The iPad is fundamentally a touchscreen device. You absolutely do not need a hardware keyboard for it. But if you re hoping to do any amount of serious writing with it ... you re going to want one. There are a few places in the iPad UI where I really wish the keyboard was useful but it isn t. For example, Safari location field suggestions. ... On the iPad, you must use touch to select from the list. Since you re already typing if you re entering a URL, this is just begging for arrow key support. (Ditto for suggested results from the Google search field in Safari.) The Esc key does not dismiss popovers, but that s probably OK. It s only possible to invoke popovers via touch, so it seems OK that you must dismiss them via touch as well.
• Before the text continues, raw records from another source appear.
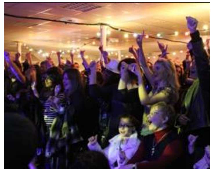
Environ 1500 personnes se sont déplacées pour assister à ces vœux hors normes.
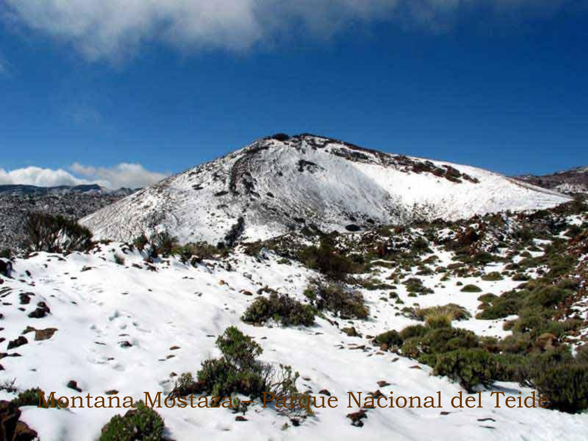
Montaña Mostaza - Parque Nacional del Teide
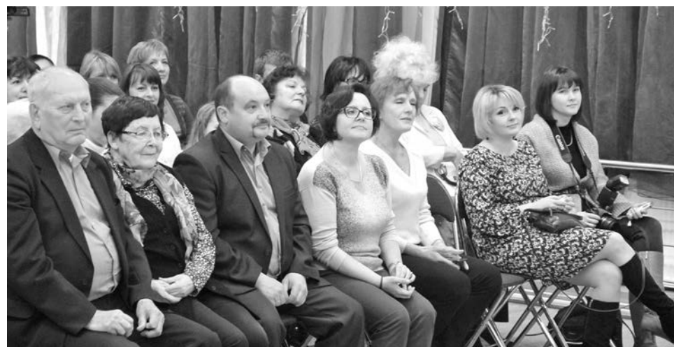
Интерес к новому проекту «КиноВаенга» оказался таким, что в зале на открытии буквально яблоку негде было упасть.
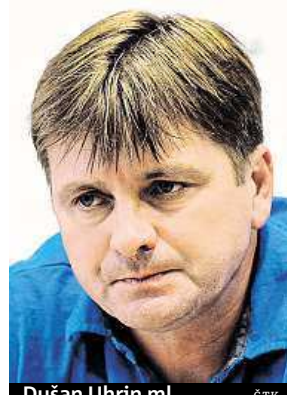
Dušan Uhrin ml.

Vyřazení Viktorie z Evropské ligy je důvodem odvolání hlavního kouče. Jméno jeho nástupce zatím známo není.
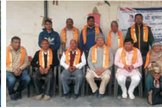
जय श्री कृष्णा टोडरमल कॉलोनी, नजफगढ़, नई दिल्ली - 43
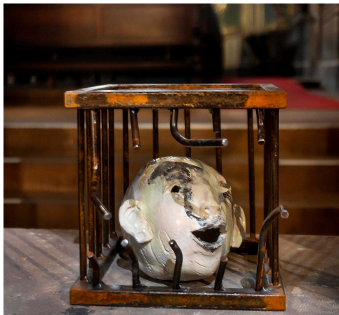
Le cri de la liberté: céramique de Francine Mayran dans une cage créée par les élèves de CAP métallier du lycée Heinrich Nessel
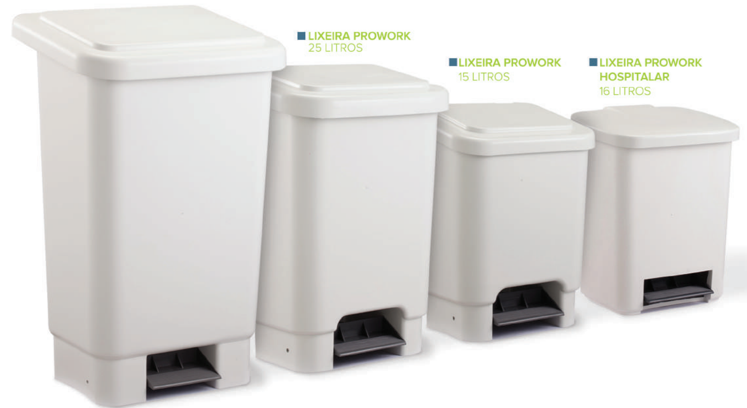
■ LIXEIRA PROWORK HOSPITALAR 16 LITROS
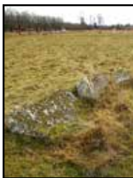
Tre liggande stenar.
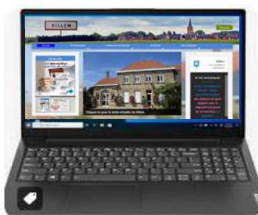
www.killem.fr sur votre ordinateur ou tablette

Pour connaître l'actualité de votre commune

As an aside, it's nice that Apple's including the Bluetooth functionality for the iPhone as well. I'm not sure how much use it will be, but it's a nice little feature that other phones won't have.

The other issue that's been brought to light is that the sync story for apps on the iPad, as well as the iPhone and iPod Touch, is really weak. Apple hasn't provided an API to allow apps to sync their data with a Mac. In fact, given that the iWork apps don't sync with the Mac I'm not even convinced that the functionality exists. Sure, you could say that since the iWork apps are smaller, lighter versions of the iWork applications for the Mac they might not want to automatically sync since there isn't feature-set parity between the two suites.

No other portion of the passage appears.